---- Input records

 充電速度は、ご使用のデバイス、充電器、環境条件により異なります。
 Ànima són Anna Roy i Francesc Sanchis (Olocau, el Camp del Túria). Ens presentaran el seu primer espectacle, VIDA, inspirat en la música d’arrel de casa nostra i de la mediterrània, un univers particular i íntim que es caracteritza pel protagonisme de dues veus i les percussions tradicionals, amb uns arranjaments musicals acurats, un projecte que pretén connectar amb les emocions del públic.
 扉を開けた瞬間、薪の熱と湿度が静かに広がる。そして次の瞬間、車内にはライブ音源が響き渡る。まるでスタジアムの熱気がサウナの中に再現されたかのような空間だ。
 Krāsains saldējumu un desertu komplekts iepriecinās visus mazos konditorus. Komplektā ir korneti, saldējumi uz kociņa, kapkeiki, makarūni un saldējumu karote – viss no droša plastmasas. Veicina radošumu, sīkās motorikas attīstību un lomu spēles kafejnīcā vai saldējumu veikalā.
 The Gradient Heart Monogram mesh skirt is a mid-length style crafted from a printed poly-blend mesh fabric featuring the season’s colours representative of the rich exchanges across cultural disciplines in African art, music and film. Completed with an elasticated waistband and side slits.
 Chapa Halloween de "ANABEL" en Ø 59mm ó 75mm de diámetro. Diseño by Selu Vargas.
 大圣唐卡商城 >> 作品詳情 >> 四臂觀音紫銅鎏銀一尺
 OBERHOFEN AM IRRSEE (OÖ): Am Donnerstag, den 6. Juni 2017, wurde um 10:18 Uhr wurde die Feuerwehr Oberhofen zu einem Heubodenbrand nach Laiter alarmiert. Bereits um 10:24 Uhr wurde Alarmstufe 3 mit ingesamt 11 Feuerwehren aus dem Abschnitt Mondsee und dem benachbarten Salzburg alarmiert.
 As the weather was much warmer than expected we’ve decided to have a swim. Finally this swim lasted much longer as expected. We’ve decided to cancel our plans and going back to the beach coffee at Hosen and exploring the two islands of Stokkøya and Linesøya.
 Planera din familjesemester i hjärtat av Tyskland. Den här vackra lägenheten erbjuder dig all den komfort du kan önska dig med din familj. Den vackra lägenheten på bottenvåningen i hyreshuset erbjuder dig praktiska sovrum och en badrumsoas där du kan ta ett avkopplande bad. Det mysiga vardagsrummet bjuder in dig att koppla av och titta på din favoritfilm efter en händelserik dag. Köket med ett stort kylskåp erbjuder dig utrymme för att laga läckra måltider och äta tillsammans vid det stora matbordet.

--------

* Aim of the task
Keep every word the same. Retype all the material.

* Solution for this problem
 充電速度は、ご使用のデバイス、充電器、環境条件により異なります。
 Ànima són Anna Roy i Francesc Sanchis (Olocau, el Camp del Túria). Ens presentaran el seu primer espectacle, VIDA, inspirat en la música d’arrel de casa nostra i de la mediterrània, un univers particular i íntim que es caracteritza pel protagonisme de dues veus i les percussions tradicionals, amb uns arranjaments musicals acurats, un projecte que pretén connectar amb les emocions del públic.
 扉を開けた瞬間、薪の熱と湿度が静かに広がる。そして次の瞬間、車内にはライブ音源が響き渡る。まるでスタジアムの熱気がサウナの中に再現されたかのような空間だ。
 Krāsains saldējumu un desertu komplekts iepriecinās visus mazos konditorus. Komplektā ir korneti, saldējumi uz kociņa, kapkeiki, makarūni un saldējumu karote – viss no droša plastmasas. Veicina radošumu, sīkās motorikas attīstību un lomu spēles kafejnīcā vai saldējumu veikalā.
 The Gradient Heart Monogram mesh skirt is a mid-length style crafted from a printed poly-blend mesh fabric featuring the season’s colours representative of the rich exchanges across cultural disciplines in African art, music and film. Completed with an elasticated waistband and side slits.
 Chapa Halloween de "ANABEL" en Ø 59mm ó 75mm de diámetro. Diseño by Selu Vargas.
 大圣唐卡商城 >> 作品詳情 >> 四臂觀音紫銅鎏銀一尺
 OBERHOFEN AM IRRSEE (OÖ): Am Donnerstag, den 6. Juni 2017, wurde um 10:18 Uhr wurde die Feuerwehr Oberhofen zu einem Heubodenbrand nach Laiter alarmiert. Bereits um 10:24 Uhr wurde Alarmstufe 3 mit ingesamt 11 Feuerwehren aus dem Abschnitt Mondsee und dem benachbarten Salzburg alarmiert.
 As the weather was much warmer than expected we’ve decided to have a swim. Finally this swim lasted much longer as expected. We’ve decided to cancel our plans and going back to the beach coffee at Hosen and exploring the two islands of Stokkøya and Linesøya.
 Planera din familjesemester i hjärtat av Tyskland. Den här vackra lägenheten erbjuder dig all den komfort du kan önska dig med din familj. Den vackra lägenheten på bottenvåningen i hyreshuset erbjuder dig praktiska sovrum och en badrumsoas där du kan ta ett avkopplande bad. Det mysiga vardagsrummet bjuder in dig att koppla av och titta på din favoritfilm efter en händelserik dag. Köket med ett stort kylskåp erbjuder dig utrymme för att laga läckra måltider och äta tillsammans vid det stora matbordet.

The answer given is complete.